(Beginning of Extracted data)
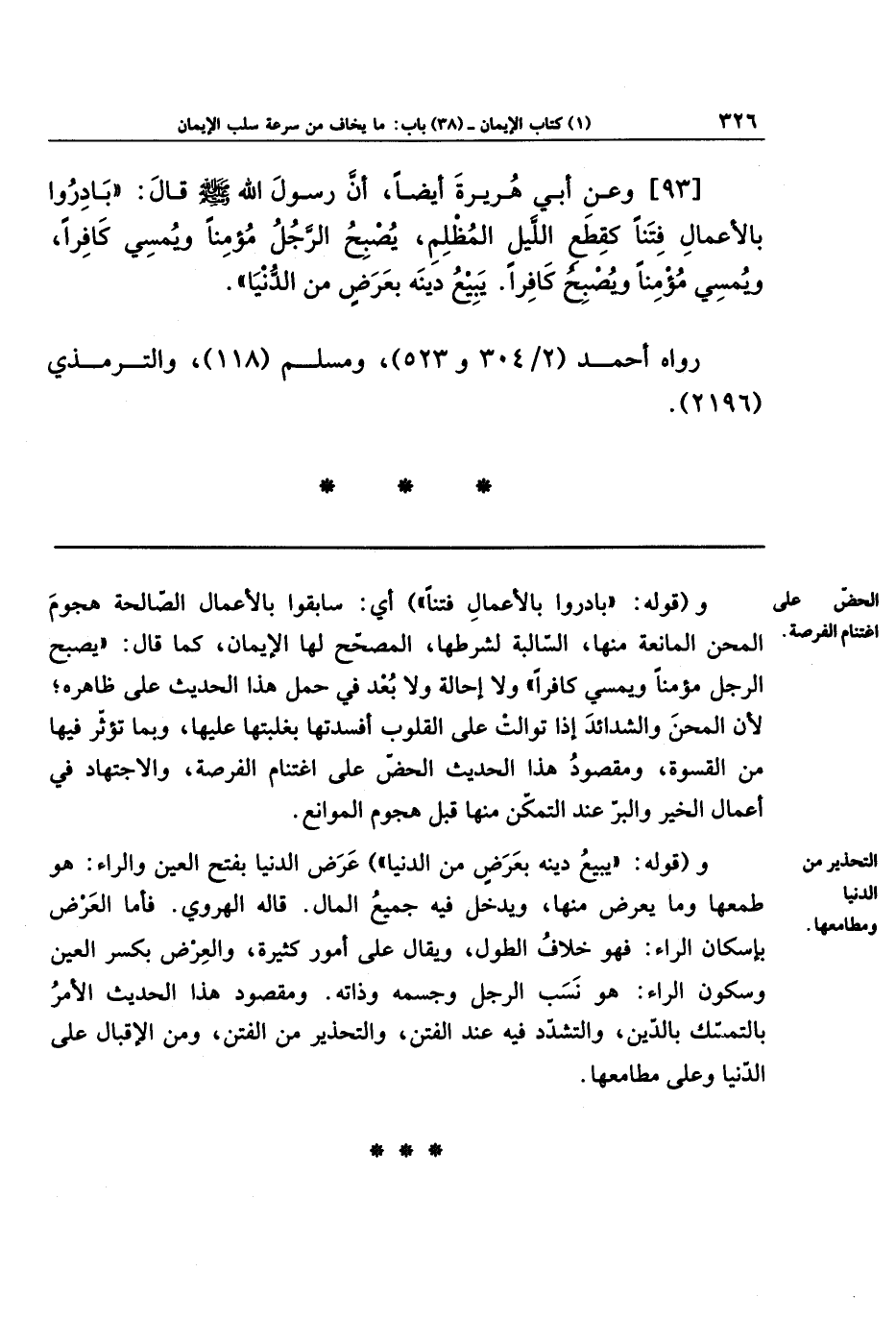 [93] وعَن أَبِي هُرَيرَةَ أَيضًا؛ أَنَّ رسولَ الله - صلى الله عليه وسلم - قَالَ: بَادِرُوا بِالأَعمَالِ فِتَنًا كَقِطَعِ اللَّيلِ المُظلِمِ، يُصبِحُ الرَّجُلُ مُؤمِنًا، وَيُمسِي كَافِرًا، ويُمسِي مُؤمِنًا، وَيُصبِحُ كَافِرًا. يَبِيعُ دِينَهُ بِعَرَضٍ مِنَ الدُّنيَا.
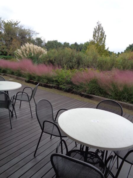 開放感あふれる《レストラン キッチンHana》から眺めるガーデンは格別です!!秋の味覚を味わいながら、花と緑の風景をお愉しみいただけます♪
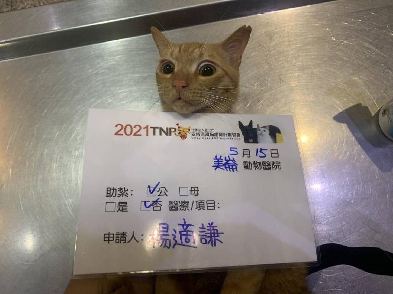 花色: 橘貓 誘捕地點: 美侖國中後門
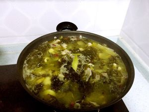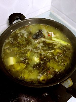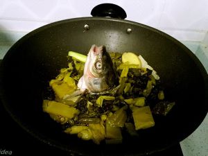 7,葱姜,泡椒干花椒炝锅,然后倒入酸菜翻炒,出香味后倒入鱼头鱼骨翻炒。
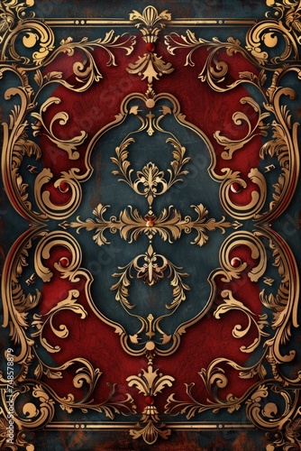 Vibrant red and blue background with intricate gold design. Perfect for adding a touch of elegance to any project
(End of Extracted data)
▶ **Activity**: Repeat the listing above word for word, omitting the pictures.

▶ **Final answer**:
 [93] وعَن أَبِي هُرَيرَةَ أَيضًا؛ أَنَّ رسولَ الله - صلى الله عليه وسلم - قَالَ: بَادِرُوا بِالأَعمَالِ فِتَنًا كَقِطَعِ اللَّيلِ المُظلِمِ، يُصبِحُ الرَّجُلُ مُؤمِنًا، وَيُمسِي كَافِرًا، ويُمسِي مُؤمِنًا، وَيُصبِحُ كَافِرًا. يَبِيعُ دِينَهُ بِعَرَضٍ مِنَ الدُّنيَا.
 開放感あふれる《レストラン キッチンHana》から眺めるガーデンは格別です!!秋の味覚を味わいながら、花と緑の風景をお愉しみいただけます♪
 花色: 橘貓 誘捕地點: 美侖國中後門
 7,葱姜,泡椒干花椒炝锅,然后倒入酸菜翻炒,出香味后倒入鱼头鱼骨翻炒。
 Vibrant red and blue background with intricate gold design. Perfect for adding a touch of elegance to any project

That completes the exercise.